The expected value of $$X$$ is often written as $$\mu$$.

It is often of great interest to measure the extent to which a random variable $$X$$ is dispersed. The variance of $$X$$ or $$\mathrm{Var}(X)$$ is defined as follows:

$$\mathrm{Var}(X) = \mathbf{E}\left((X - \mathbf{E}(X))^{2} \right). \tag{3}$$

The variance of $$X$$ is often written as $$\sigma^{2}$$, while its positive square root is called the standard deviation. Since $$X$$ is discrete, (3) can be re-expressed accordingly:

\begin{align} \sigma^{2} &= \mathrm{Var}(X) \\ &= \mathbf{E}\left((X - \mu)^{2}\right) \\ &= \sum_{X}(x - \mu)^{2} f_{X}(x). \end{align} \tag{4}

In the special case where the mass function $$f_{X}(x)$$ is constant and $$X$$ takes $$n$$ real values, (4) reduces to a well known equation determining the variance of a set of $$n$$ numbers:

$$\sigma^{2} = \frac{1}{n}\sum_{X}(x - \mu)^{2}. \tag{5}$$

Events $$A$$ and $$B$$ are said to be independent if and only if the incidence of $$A$$ does not change the probability of $$B$$ occurring. An equivalent statement is $$\mathbf{P}(A \cap B) = \mathbf{P}(A)\mathbf{P}(B)$$. Similarly, the discrete random variables $$X$$ and $$Y$$ are called independent if the numerical value of $$X$$ does not affect the distribution of $$Y$$. In other words, the events $$\lbrace X = x \rbrace$$ and $$\lbrace Y = y \rbrace$$ are independent for all $$x$$ and $$y$$. The joint distribution function $$F_{X, Y} : \real^{2} \to [0, 1]$$ of $$X$$ and $$Y$$ is given by $$F_{X, Y}(x, y) = \mathbf{P}(X \le x \:\mathrm{and}\: Y \le y)$$. Their joint mass function $$f_{X, Y} : \real^{2} \to [0, 1]$$ is given by $$f_{X, Y}(x, y) = \mathbf{P}(X = x \:\mathrm{and}\: Y = y)$$. $$X$$ and $$Y$$ are independent if and only if $$f_{X, Y}(x, y) = f_{X}(x)f_{Y}(y)$$ for all $$x, y \in \real$$.

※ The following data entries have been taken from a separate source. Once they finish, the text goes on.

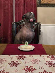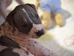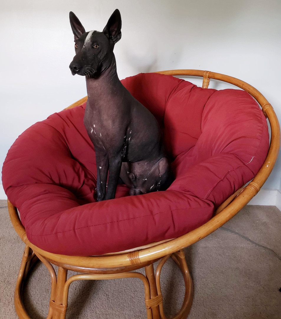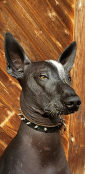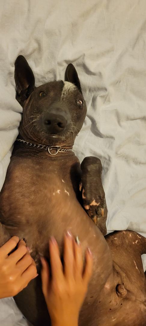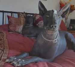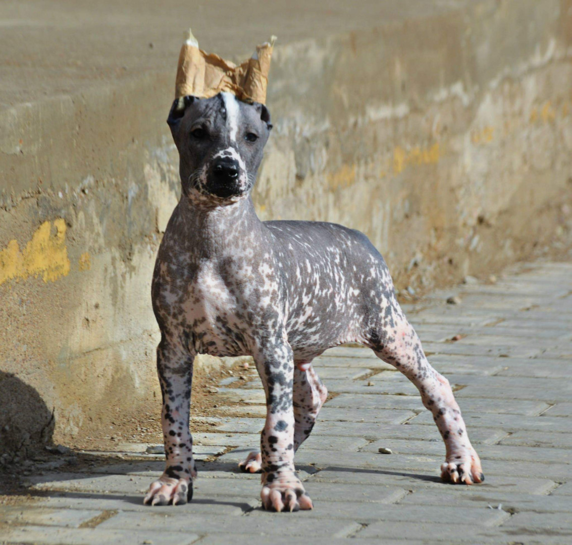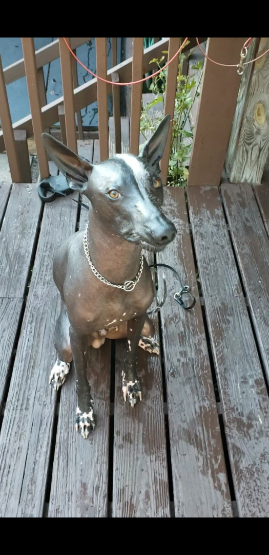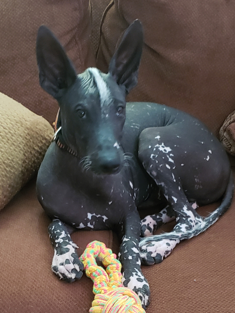 Xoloitzcuintli breed. Born white and darkened as he ages. No hair except on head,tail,and paws. Lap dog, affectionate, and intelligent.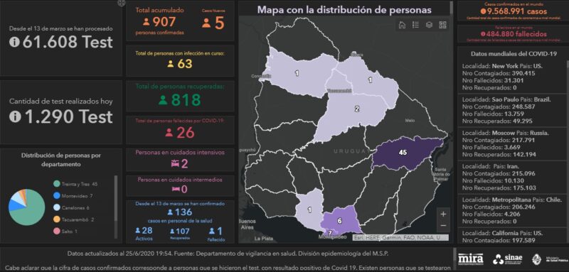 Los departamentos con casos activos son Canelones, Montevideo, Rivera, Salto, San José, Tacuarembó y Treinta y Tres.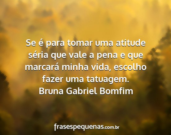 Se é para tomar uma atitude séria que vale a pena e que marcará minha vida, escolho fazer uma tatuagem.Bruna Gabriel Bomfim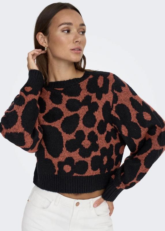 П: Стильный, теплый укороченный джемпер в принцессе в черно-рыжом цвете, объемные рукава, размер С-М 15284285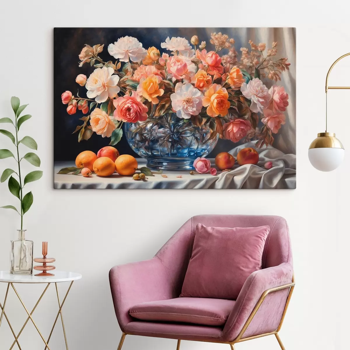 Trois types de matériaux peuvent être commandés : Economic Canvas - matériau dense et durable pour l'impression numérique, identique à la toile de peintre, surface imperméable, reproduction réaliste des détails, matériau à grain moyen. Premium Canvas - la texture ressemble à celle d'une toile de peintre (petits fils entrelacés). Reproduction douce et détaillée de l'image sur une surface mate. Eco-Premium - tissu 100 % coton de haute qualité. Grâce aux fibres naturelles de coton, le matériau est durable et résistant à l'usure. Excellente reproduction des couleurs et des détails.

Consider an archer, shooting arrows at the target shown in Figure 3. Suppose the archer is a very poor shot and hits the target randomly - in other words, target regions of equal area will have the same probability of being hit. For simplicity, it is assumed the archer always hits the target. If the archer is allowed to fire two arrows, the sample space

$$\Omega = \begin{Bmatrix} \mathrm{AA}, & \mathrm{AB}, & \mathrm{AC}, & \mathrm{AD}, & \mathrm{AE}, \\ \mathrm{BA}, & \mathrm{BB}, & \mathrm{BC}, & \mathrm{BD}, & \mathrm{BE}, \\ \mathrm{CA}, & \mathrm{CB}, & \mathrm{CC}, & \mathrm{CD}, & \mathrm{CE}, \\ \mathrm{DA}, & \mathrm{DB}, & \mathrm{DC}, & \mathrm{DD}, & \mathrm{DE}, \\ \mathrm{EA}, & \mathrm{EB}, & \mathrm{EC}, & \mathrm{ED}, & \mathrm{EE} \\ \end{Bmatrix}.$$

Figure 3: An archery target. A hit in region A scores 4 points, B scores 3 points, C scores 2 points, D scores 1 point and E scores nothing.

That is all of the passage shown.